Many Wikipedia pages for languages include "Example phrases" (example). Is there any way that we can integrate better with those sections? --Bequw τ 05:19, 25 September 2010 (UTC)

Well, as a specific example, I've populated Appendix:Portuguese pronouns with some example phrases where I found necessary. --Daniel. 05:49, 25 September 2010 (UTC)
In my mind, part-of-speech appendices (e.g., "English nouns", "Portuguese adverbs"..., which could be easily extended to "English suffixes", etc.) would be the most appropriate places for example phrases, to illustrate their subjects. Other intuitively obvious choice could be the AXX pages ("Wiktionary:About English", etc.); however, their primary focus should be providing information about Wiktionarian conventions for individual languages, which would be better illustrated by examples of usage of templates and MediaWiki codes. --Daniel. 06:17, 25 September 2010 (UTC)
They are choosing to illustrate grammatical points, something we rarely do.
If we had a phrasebook Appendix structure for each language, presumably with content derived from our translations of the individual phrases, we might be able to offer massive supplementation of such sections, thereby helping users and increasing users. Clearly it needs to be done only with languages where we have phrasebook coverage that is competitive, not an embarrassment. We seem far removed from achieving that AFAICT.
I assume we already provide links to Wiktionary somewhere on the page, preferrably in more than one section.
We could provide interwiki links, using [[wikt:word]], to each individual word (or first occurrence in each section) for which we have an entry and add the ones missing. DCDuring TALK 10:35, 25 September 2010 (UTC)

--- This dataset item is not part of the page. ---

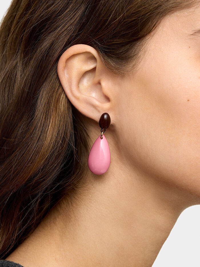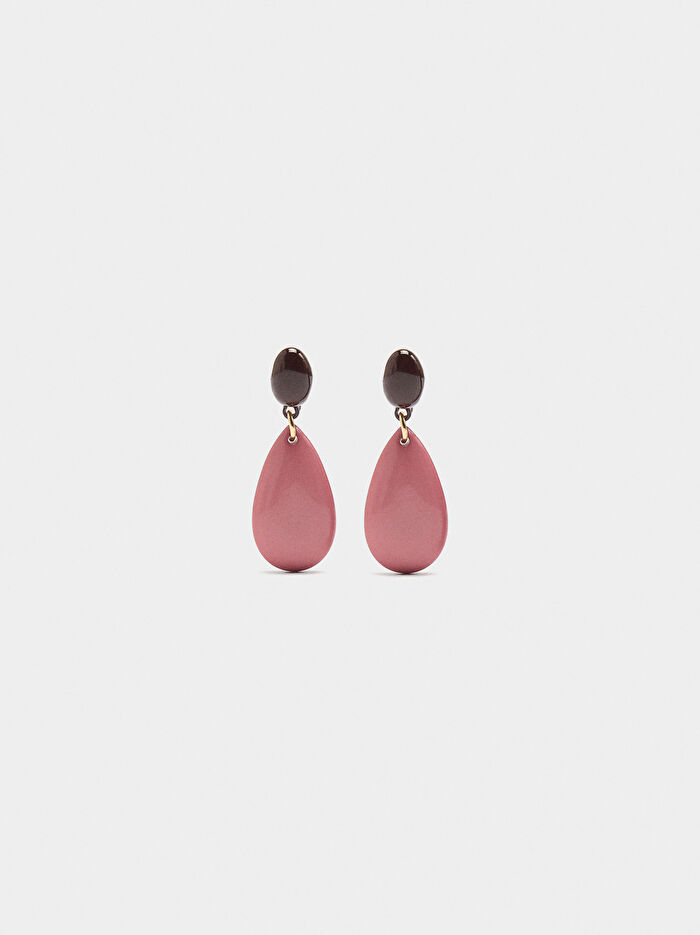 Oval tabanlı ve damla şeklinde pandantifli orta boy küpe.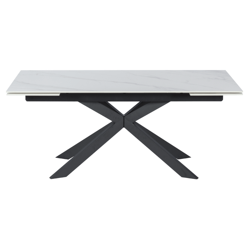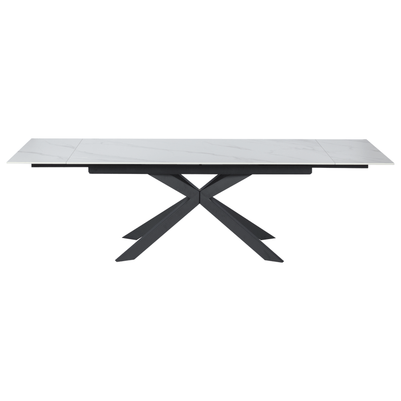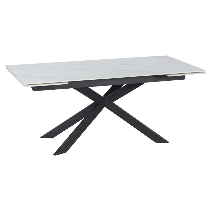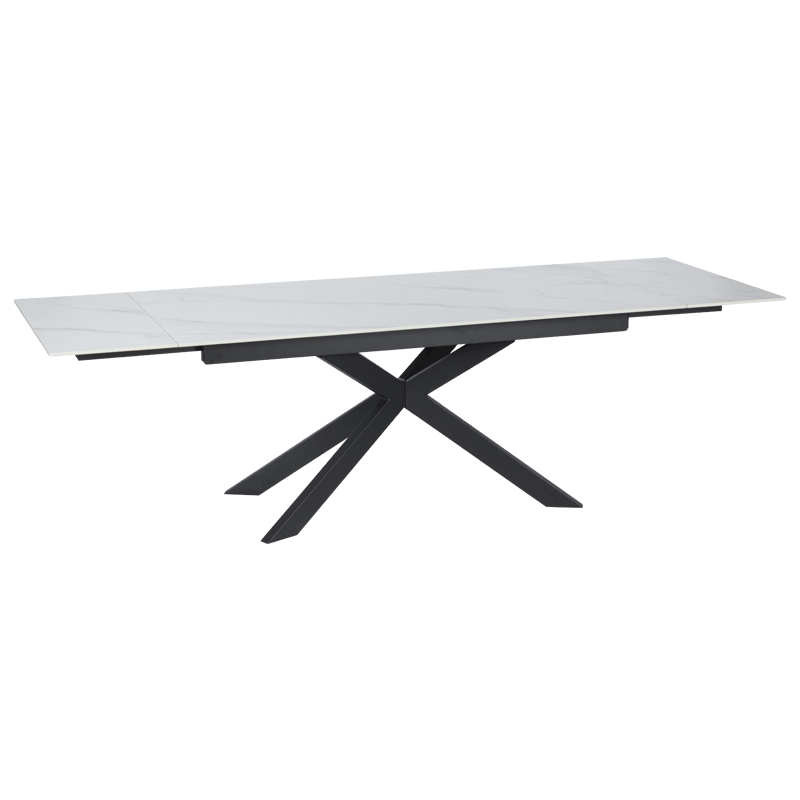 Разтегателна трапезна маса ELK - бяла е висок клас маса с масивна основа, голям керамичен плот и функция за разтягане до забележителните 260 см.

CJKV Characters in translations

Before adding a request to WT:TODO, it seemed prudent to bring this here. We have CJKV Characters (or CJKV characters) in translation tables. While I see why this is, we translate into languages not scripts. If the entry in question has Mandarin, Cantonese, Japanese (etc.) sections, add them separately, not. It's not really any better than adding a Grek translations instead of Greek and Ancient Greek. Mglovesfun (talk) 10:31, 25 September 2010 (UTC)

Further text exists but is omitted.